The OCT images were examined and grouped into disease groups, with the images classified according to the patients’ macular structure rather than their diagnosis. Specifically, eyes with no DR were not classified into DR groups, even if that patient had been diagnosed with diabetic mellitus. AMD groups included patients over the age of 50 years whose eyes had a choroidal neovascular membrane (CNV) confirmed by indocyanine green angiography (ICGA), avascular serous pigmented epithelial detachment (PED), soft drusen, or drusenoid PED. DR groups included eyes with DMO, subretinal haemorrhage involving the macular area, and a proliferative membrane with/without traction. MH/ERM groups included eyes with MH, ERM, a vitreomacular traction membrane, pseudo MH, and retinal detachment induced by MH. RVO groups included branch or central RVO. The CSC group included eyes with subretinal fluid involving the macula and diffuse and/or focal leakage on fluorescein angiography ICGA. Eyes with CNV, other maculopathy, active intraocular inflammation, or infection were not classified into CSC groups. The mCNV group included eyes with CNV and pathologic myopia, namely, a refractive error > 6 dioptres, axial length > 26 mm, or staphyloma on OCT. Eyes without CNV and pathologic myopia were classified as ‘other’.

The eyes categorised into the other group included retinitis induced as uveitis (number of eyes; n = 18), reattached retina after surgery (n = 11), retinitis pigmentosa (n = 11), and others (S1 Table).

Performance statistical index

Three indices—the coefficient of determination (R2), root mean square error (RMSE), and mean absolute error (MAE)—were selected to evaluate errors. The calculation formulae were as follows.

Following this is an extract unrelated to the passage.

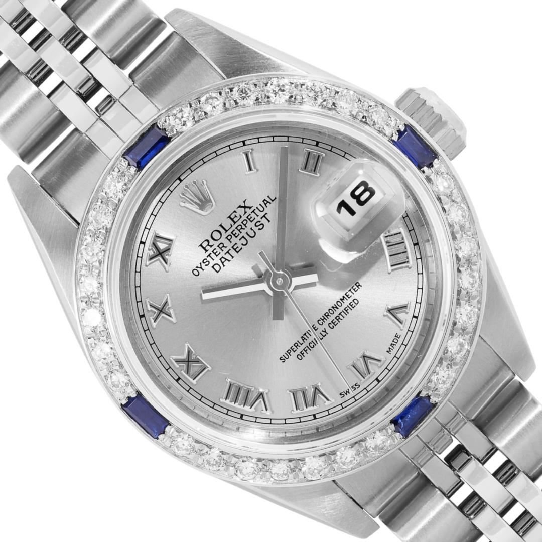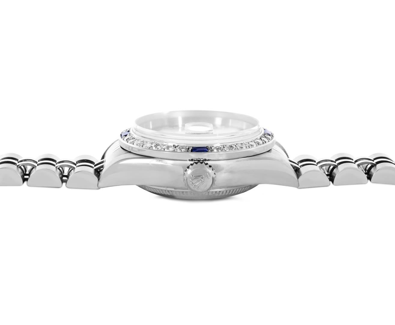 One Rolex Ladies Pre Owned Quickset Stainless Steel Datejust Wristwatch Polished Bright with Satin Finish, Serviced And Electronically Tested, Stainless Steel Case: 26mm, Stainless Steel Crown, Custom Bezel: New 18K White Gold Sapphire Beadset Diamond Bezel, Diamond + Gem Count: 36 Diamonds + 4 Sapphires. Custom Crystal: New Sapphire With Magnified Date Window. Custom Hands: New Solid Hands. Rolex Movement: 2235 Automatic Winding Movement. Rolex Dial: Factory Silver Dial With Roman Hour Markers, and Square Track. Date Window: 3 O'Clock Position Date Display, Model: Quickset Datejust. Condition: G-6 Extra Fine. Rolex Bracelet: Stainless Steel Jubilee Band. Bright Polish And Satin Finish. 6.0 Inch Length, Adjustable. Standard Clasp, With Rolex Logo. This Watch Has Been Serviced Time Tested And Is In Excellent Condition. It Is Free Of All Scratches And Dents.

$${R}^{2}=1-\frac{\sum_{i}({Ypred, i-Yobs, i)}^{2}}{\sum_{i}{(Yobs, i-\overline{Yobs })}^{2}}$$
$$RMSE=\sqrt{\frac{\sum_{i}{(Yobs,i-Ypred, i)}^{2}}{n}}$$
$$MAE=\frac{\sum_{i}\left|Yobs,i-Ypred,i\right|}{n}$$

Here, Ypred is the estimated BCVA and Yobs is the actual BCVA. Thus, R2 can take a negative value, such as when the estimated value is very different from the actual value.

Statistical analyses

Statistical analyses were performed using JMP Pro ver. 15.0.0 (SAS Institute, Cary, NC). A paired t-test was used to evaluate the association between the estimated and actual BCVAs for each disease group and phakia or pseudophakia. Three validity indices—R2, RMSE, and MAE—were measured to evaluate the prediction model in terms of each disease group and phakia or pseudophakia.

Univariate regression was used to evaluate the associations among the three validity indices and the number of images, mean BCVA, standard deviation (SD) of BCVA, mean age, and SD of age for each disease group. A multivariable logistic regression model was used to evaluate the association of the three validity indices with variables selected by stepwise variable selection. The model was also used to evaluate the association between the square of the difference between the estimated and actual BCVAs and age, sex, phakia/pseudophakia, and actual BCVA. Statistical significance was defined as p < 0.05.

Results

Patients’ demographic characteristics

The characteristics of the patients in this study are summarised in Table 1. Mean age was 69.6 (SD, 11.9) years, and 249 (53%) were men. The most and least frequent diseases were AMD (n = 167 patients) and mCNV (n = 13 patients). S2 and S3 Tables summarise the characteristics of the images. The most and least frequent images were AMD (n = 1017 images) and DR (n = 73 images). Patients with phakia were younger than those with pseudophakia. There were about twice as many phakic eye images as pseudophakic eye images. The estimated BCVA of each disease group was significantly associated with the actual BCVA (all p < 0.001).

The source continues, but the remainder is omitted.